**Activity**
Could you output each line below exactly as it appears, excluding any pictures?

**Input for this task**
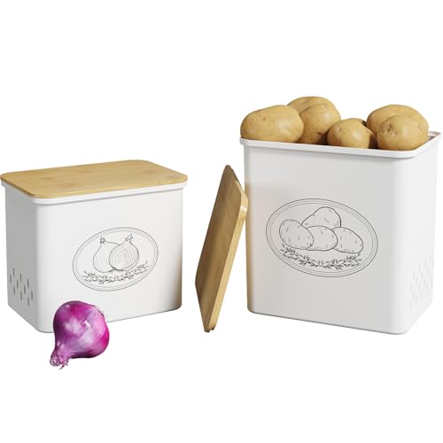 Ecofocet 3 Boîtes Pomme de Terre, Boite de Rangement Cuisine pour Pommes de Terre, Oignons, Ail, Range Legumes Cuisine en Métal avec Couvercle en Bambou, Design Empilable et Aéré (Blanc)
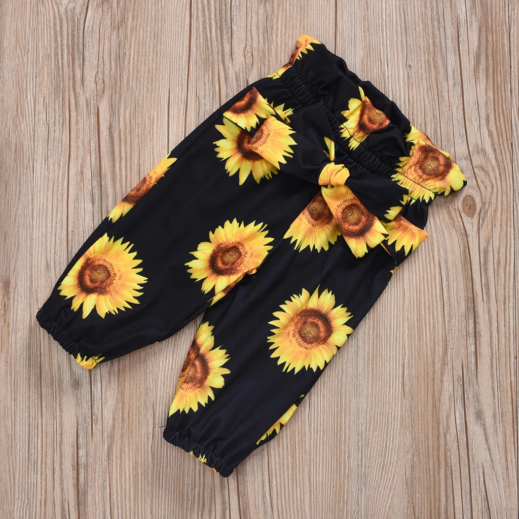 Комбинезон для новорожденных и маленьких девочек, топы, штаны с цветочным принтом и подсолнухами, комплект одежды с повязкой на голову
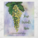Watercolor painting shows a cluster of green grapes used to create white wine.
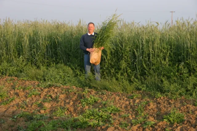 UC ANR Cropping Systems Extension Specialist, Jeff Mitchell, shown sampling winter cover crop aboveground biomass in longstanding conservation agriculture study of the impacts of reduced disturbance, cover crops, and surface residues on soil function, productivity, and ecosystem services at the Conservation Agriculture Systems study site in Five Points, CA
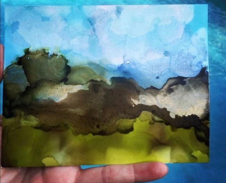 So recently I’ve discovered Alcohol Inks and I’ve had so much fun experimenting with them. I played around with a mountain scene and a dragonfly and thought, wouldn’t this be cool to use with quilling?
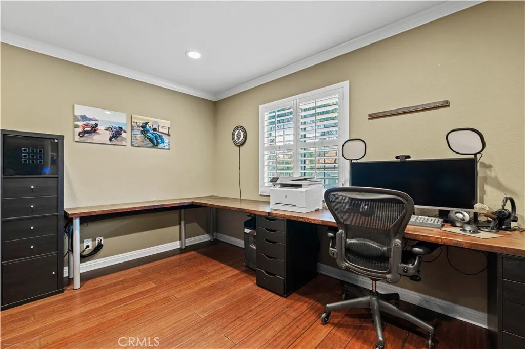 IMMACULATE and REMODELED cul-de-sac home near the top of Hillcrest shows like a model home with NO HOA or Mello-Roos! Pride of ownership is evident and the beautifully landscaped front yard provides great curb appeal with mature palm trees, a river rock wall, and an EXTRA WIDE DRIVEWAY THAT CAN ACCOMMODATE AN RV/CAMPER! Upon entry through the covered front porch, youre greeted into the light & bright home that's been FRESHLY PAINTED and is adorned with engineered bamboo wood flooring that is durable and water resistant and spans the entire first floor. Your stunning open-concept kitchen has been gorgeously remodeled with espresso soft-close cabinetry with pull out drawers, Ogee edge granite countertops, mosaic tile backsplash, pendant lighting, stainless steel appliances and sink, and a pantry. It opens up to the family room designed for entertaining with a surround sound system, ceiling fan, and a built-in entertainment center surrounding a cozy fireplace. Your first floor also includes a powder room and laundry room complete with plenty of cabinetry, a granite countertop, and a laundry chute from your primary suite. Head upstairs where youll find a spacious loft, 4 bedrooms, and 2 full bathrooms. Your primary suite features cathedral ceilings along with a double sink vanity, walk-in shower, soaking tub, spacious walk-in closet, and newly installed tile floors. Plantation shutters, crown molding, and recessed lights adorn the home adding to its beauty. Entertain and enjoy relaxing evenings in your tastefully landscaped backyard featuring outdoor lamp posts, a built-in BBQ,
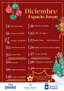 La programación incluirá propuestas como juegos y torneos, sesiones de baile, talleres creativos y gastronómicos, proyecciones de cine, retos divertidos y actividades especiales con temática navideña. Además, algunas actividades ofrecerán regalos y sorpresas para los participantes.
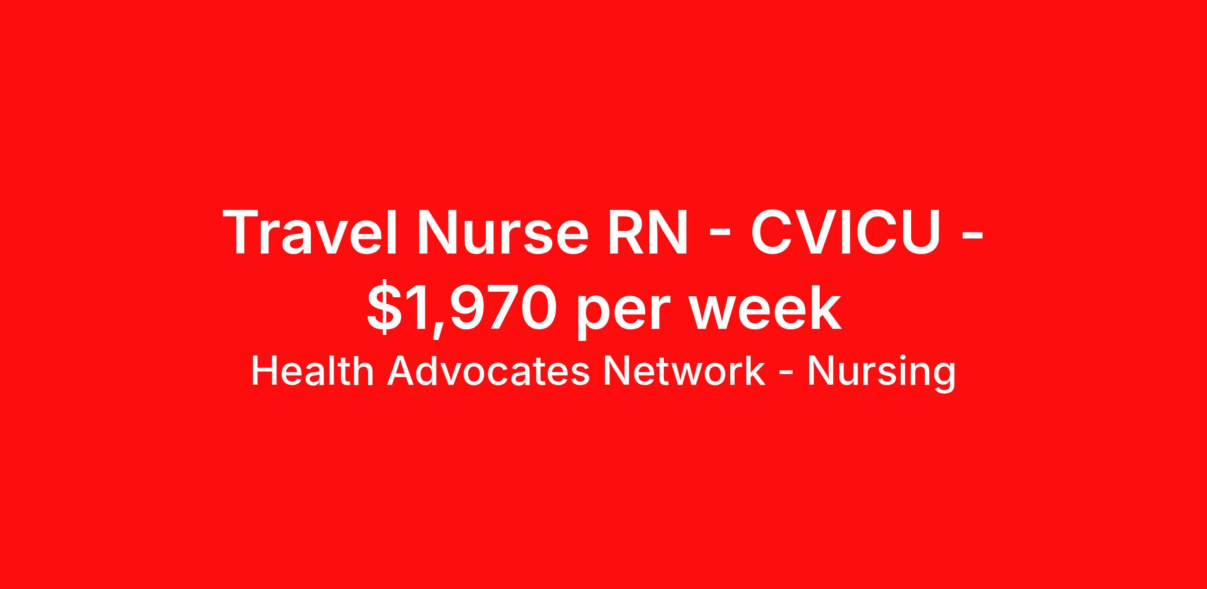 Health Advocates Network - Nursing is seeking a travel nurse RN CVICU for a travel nursing job in Evansville, Indiana. Job Description & Requirements Specialty: CVICU Discipline: RN Start Date: 04/13/2026 Duration: 12 weeks 36 hours per week Shift: 12 hours, nights Employment Type: Travel HANStaff Job ID 523060. Pay package is based on 12 hour shifts and 36 hours per week (subject to confirmation) with tax-free stipend amount to be determined. Posted job title: RN - CVICU About Health Advocates Network - Nursing Health Advocates Network was founded on the basis of a shared aspiration, to improve the way healthcare staffing is done. We are a company established and led by nurses. Our flexible approach enables us to develop solutions customized to your specific needs. From short- and long-term travel contracts to local and per diem assignments and more, we are here to get you to your next adventure! By solving challenges, providing the best placements, and advocating for you, we stand to help you thrive and pave the path forward in your career. Click on the videos below to learn more about our values!
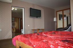 Уютный, просторный номер, состоящий из двух комнат. В номере двуспальная кровать.
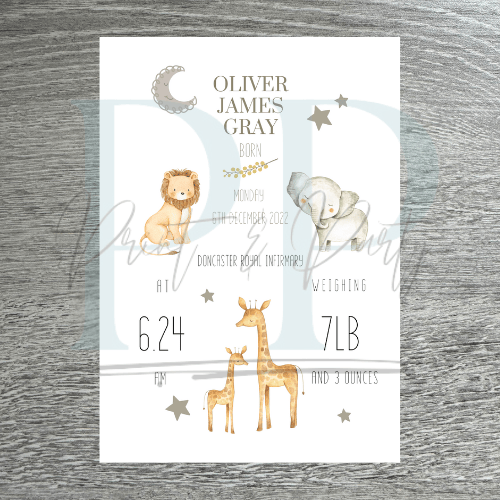 Once ordered - Please leave the following information in the 'add comment' section at checkout! Childs name (first and middle names), Date Of Birth, Time Of Birth, Birth Weight, Preferred Colour Theme.
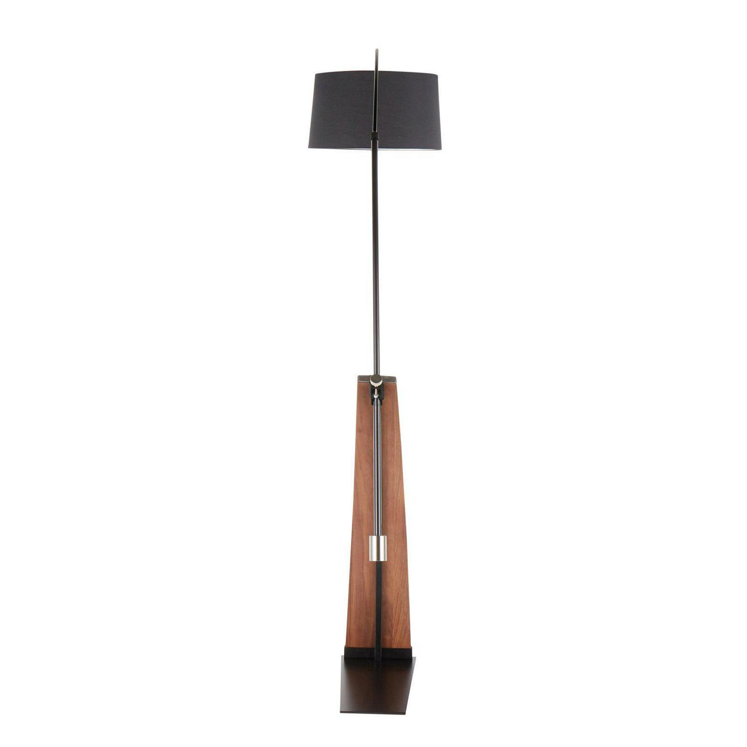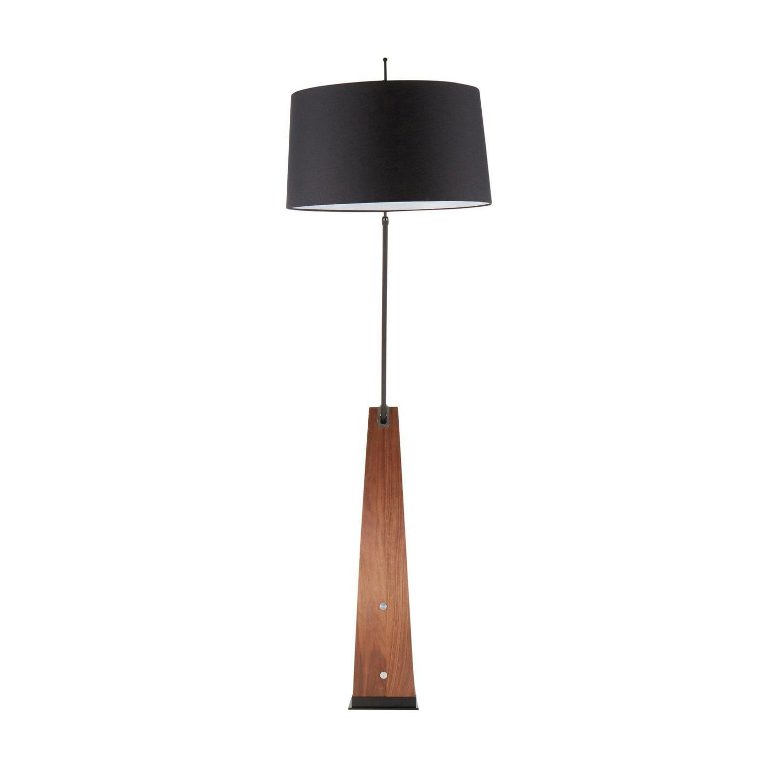 Robyn Mid-Century Modern Floor Lamp in Walnut Wood and Black Shade

**Answer to this task**
 Ecofocet 3 Boîtes Pomme de Terre, Boite de Rangement Cuisine pour Pommes de Terre, Oignons, Ail, Range Legumes Cuisine en Métal avec Couvercle en Bambou, Design Empilable et Aéré (Blanc)
 Комбинезон для новорожденных и маленьких девочек, топы, штаны с цветочным принтом и подсолнухами, комплект одежды с повязкой на голову
Watercolor painting shows a cluster of green grapes used to create white wine.
 UC ANR Cropping Systems Extension Specialist, Jeff Mitchell, shown sampling winter cover crop aboveground biomass in longstanding conservation agriculture study of the impacts of reduced disturbance, cover crops, and surface residues on soil function, productivity, and ecosystem services at the Conservation Agriculture Systems study site in Five Points, CA
 So recently I’ve discovered Alcohol Inks and I’ve had so much fun experimenting with them. I played around with a mountain scene and a dragonfly and thought, wouldn’t this be cool to use with quilling?
 IMMACULATE and REMODELED cul-de-sac home near the top of Hillcrest shows like a model home with NO HOA or Mello-Roos! Pride of ownership is evident and the beautifully landscaped front yard provides great curb appeal with mature palm trees, a river rock wall, and an EXTRA WIDE DRIVEWAY THAT CAN ACCOMMODATE AN RV/CAMPER! Upon entry through the covered front porch, youre greeted into the light & bright home that's been FRESHLY PAINTED and is adorned with engineered bamboo wood flooring that is durable and water resistant and spans the entire first floor. Your stunning open-concept kitchen has been gorgeously remodeled with espresso soft-close cabinetry with pull out drawers, Ogee edge granite countertops, mosaic tile backsplash, pendant lighting, stainless steel appliances and sink, and a pantry. It opens up to the family room designed for entertaining with a surround sound system, ceiling fan, and a built-in entertainment center surrounding a cozy fireplace. Your first floor also includes a powder room and laundry room complete with plenty of cabinetry, a granite countertop, and a laundry chute from your primary suite. Head upstairs where youll find a spacious loft, 4 bedrooms, and 2 full bathrooms. Your primary suite features cathedral ceilings along with a double sink vanity, walk-in shower, soaking tub, spacious walk-in closet, and newly installed tile floors. Plantation shutters, crown molding, and recessed lights adorn the home adding to its beauty. Entertain and enjoy relaxing evenings in your tastefully landscaped backyard featuring outdoor lamp posts, a built-in BBQ,
 La programación incluirá propuestas como juegos y torneos, sesiones de baile, talleres creativos y gastronómicos, proyecciones de cine, retos divertidos y actividades especiales con temática navideña. Además, algunas actividades ofrecerán regalos y sorpresas para los participantes.
 Health Advocates Network - Nursing is seeking a travel nurse RN CVICU for a travel nursing job in Evansville, Indiana. Job Description & Requirements Specialty: CVICU Discipline: RN Start Date: 04/13/2026 Duration: 12 weeks 36 hours per week Shift: 12 hours, nights Employment Type: Travel HANStaff Job ID 523060. Pay package is based on 12 hour shifts and 36 hours per week (subject to confirmation) with tax-free stipend amount to be determined. Posted job title: RN - CVICU About Health Advocates Network - Nursing Health Advocates Network was founded on the basis of a shared aspiration, to improve the way healthcare staffing is done. We are a company established and led by nurses. Our flexible approach enables us to develop solutions customized to your specific needs. From short- and long-term travel contracts to local and per diem assignments and more, we are here to get you to your next adventure! By solving challenges, providing the best placements, and advocating for you, we stand to help you thrive and pave the path forward in your career. Click on the videos below to learn more about our values!
 Уютный, просторный номер, состоящий из двух комнат. В номере двуспальная кровать.
 Once ordered - Please leave the following information in the 'add comment' section at checkout! Childs name (first and middle names), Date Of Birth, Time Of Birth, Birth Weight, Preferred Colour Theme.
 Robyn Mid-Century Modern Floor Lamp in Walnut Wood and Black Shade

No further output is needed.